- **REQUIREMENT**
Please reproduce the listing in its entirety, exactly as written, but without images.

- **COLLECTED DATA**
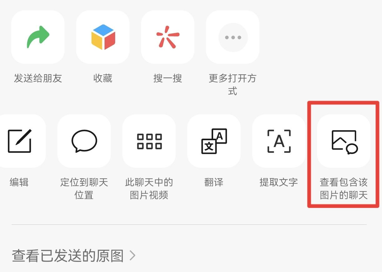 通过新旧版本的对比可以看出,新版本的界面中新增了一个“查看包含该图片的聊天”的功能。
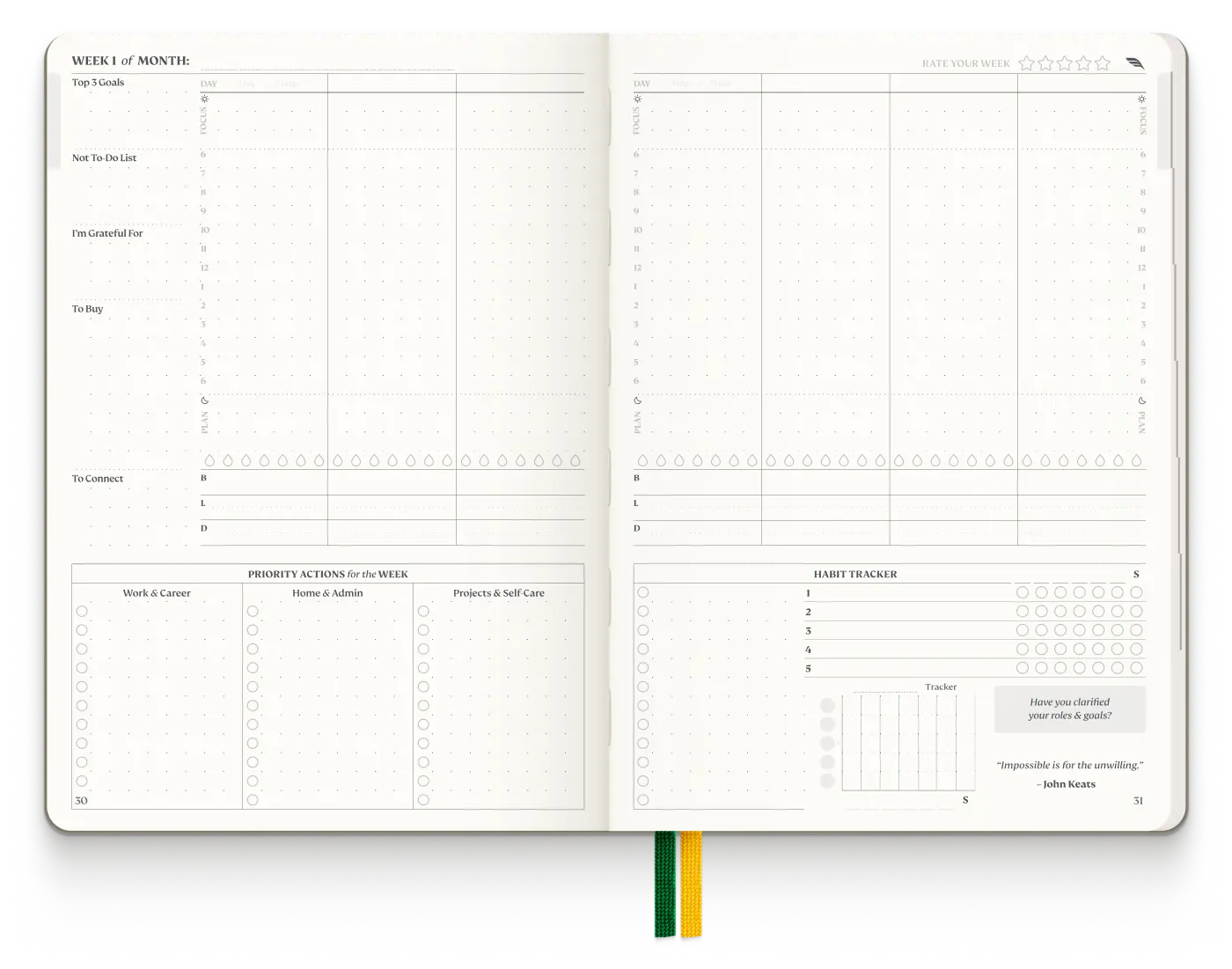 You will find yourself minimising “busy-work” while taking care of those annoying admin items that you typically procrastinate. The weekly dashboard also speaks to you. The sections that are left blank make you aware of the gaps in your life and it’s up to you to fill them in.
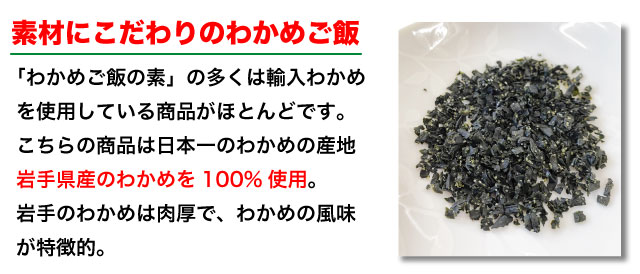 「国産わかめ」を使用した「わかめご飯」が少ない中、「岩手産わかめ」にこだわり製造した商品です。

- **EXERCISE RESULT**
 通过新旧版本的对比可以看出,新版本的界面中新增了一个“查看包含该图片的聊天”的功能。
 You will find yourself minimising “busy-work” while taking care of those annoying admin items that you typically procrastinate. The weekly dashboard also speaks to you. The sections that are left blank make you aware of the gaps in your life and it’s up to you to fill them in.
 「国産わかめ」を使用した「わかめご飯」が少ない中、「岩手産わかめ」にこだわり製造した商品です。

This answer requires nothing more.